Unnamed: 0,writeMillis,nodePropertiesWritten,globalTriangleCount,nodeCount,postProcessingMillis,preProcessingMillis,computeMillis,configuration
0,14,44,935,44,0,0,20,"{'writeConcurrency': 4, 'writeProperty': 'tria..."


In [25]:
cc = """

CALL gds.localClusteringCoefficient.write('undirected_interactions', 
    {relationshipTypes:['INTERACTS_1'], writeProperty:'clustering'}) 

"""

read_query(cc)

Unnamed: 0,writeMillis,nodePropertiesWritten,averageClusteringCoefficient,nodeCount,postProcessingMillis,preProcessingMillis,computeMillis,configuration
0,6,44,0.622108,44,0,0,24,"{'writeConcurrency': 4, 'triangleCountProperty..."


The global or average clustering coefficient is 0.54, which means that the persons in our graph are quite tightly-knit.

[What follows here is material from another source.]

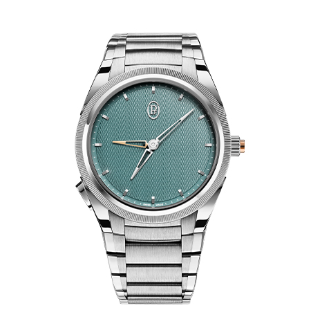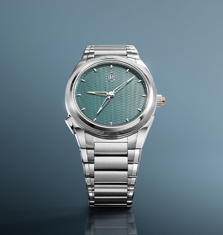 トンダPFGMTラトラパンテに、大胆な新色ヴェルツアスカ・グリーンが登場。このダイヤルは、スイスのヴェルツァスカ渓谷のクリスタルウォーターにインスピレーションを受けています。

We can also look at individuals and their local clustering coefficients.

In [24]:
local_clustering = """

MATCH (p:Person)
RETURN p.Label as person,
       p.clustering as coefficient,
       p.triangles as triangles 
ORDER BY coefficient DESC LIMIT 5

"""

read_query(local_clustering)

Unnamed: 0,person,coefficient,triangles
0,Gildor,1.0,15
1,Arwen,1.0,6
2,Bill,1.0,28
3,Goldberry,1.0,3
4,Shadowfax,1.0,3


In [26]:
drop_graph('undirected_interactions')

### Categorical PageRank

Up until this point, all the above graph analysis could be done with the native projection. Cypher projection can project graphs that exist only at query time or when we want to use more advanced filtering than just node labels or relationship types. 

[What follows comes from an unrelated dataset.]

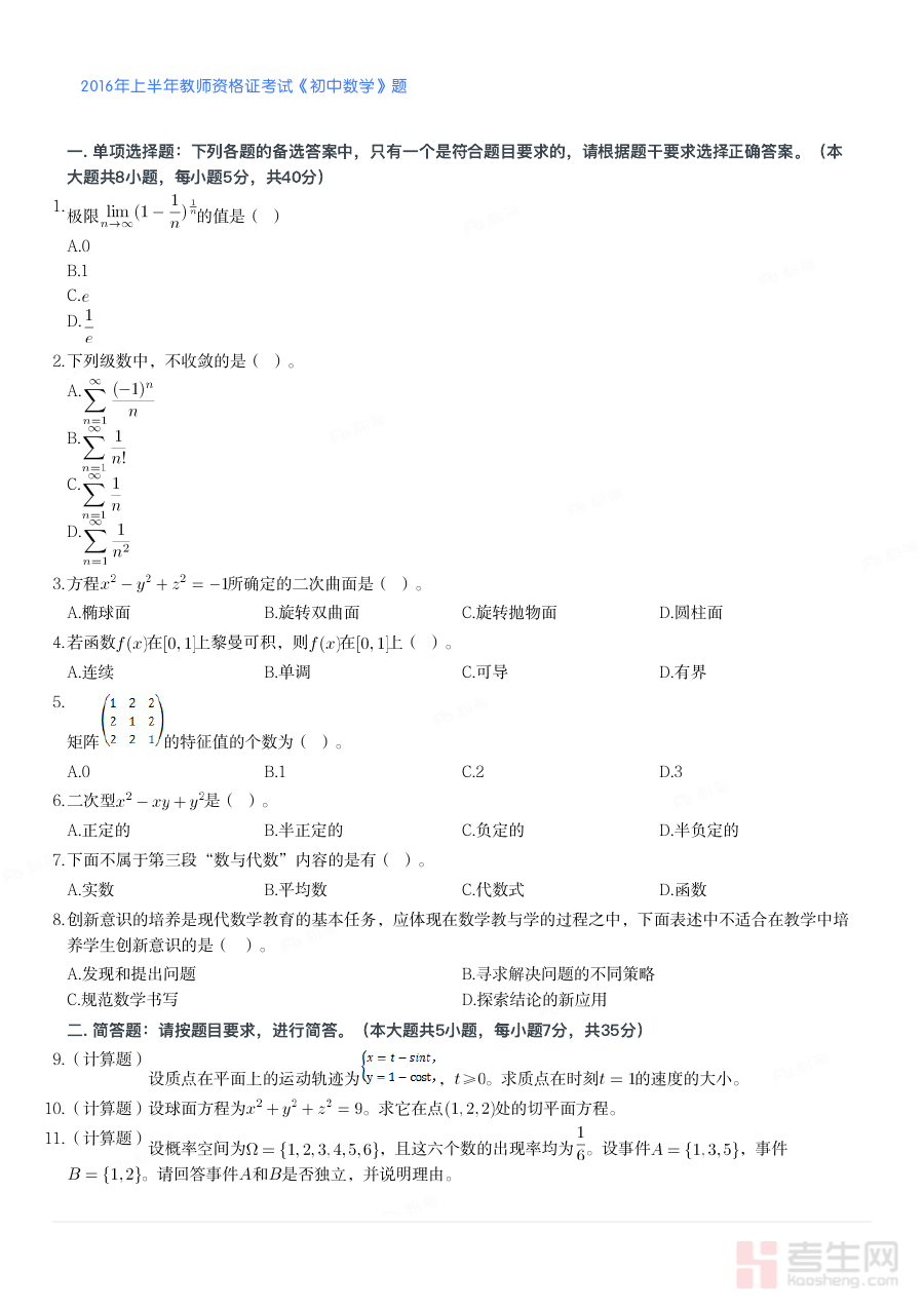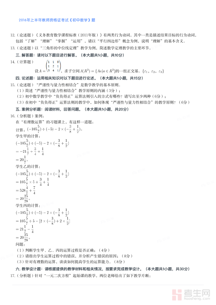 《2016年上半年教师资格证考试《初中数学》真题》是2016年上半年面向初中数学学科教师资格申请者的官方考试真题资料。该资料对应国家统一组织的教师资格证考试初中数学科目,其内容严格遵循当年教师资格证考试初中数学科目的命题标准与考核大纲,是反映当年考试命题方向与考查重点的权威素材,为备考者提供了了解考试形式、题型分布与考核要求的直接依据,是初中数学教师资格备考过程中不可或缺的核心参考资料之一。

Categorical PageRank is a concept first introduced by Kenny Bastani in his blog post. I have also written a blog post about it using the Graph algorithms library. Now it is time to demonstrate it with the Graph Data Science library as well.

The idea behind it is pretty simple. As shown in the example above we have a graph of pages that have links between each other and might also belong to one or more categories. To better understand the global pagerank score of nodes in a network, we can breakdown our graph into several subgraphs, one for each category and execute the pagerank algorithm on each of that subgraphs. We store results as a relationship property between category and pages. This way we can break down which are the contributing categories to page’s global pagerank score.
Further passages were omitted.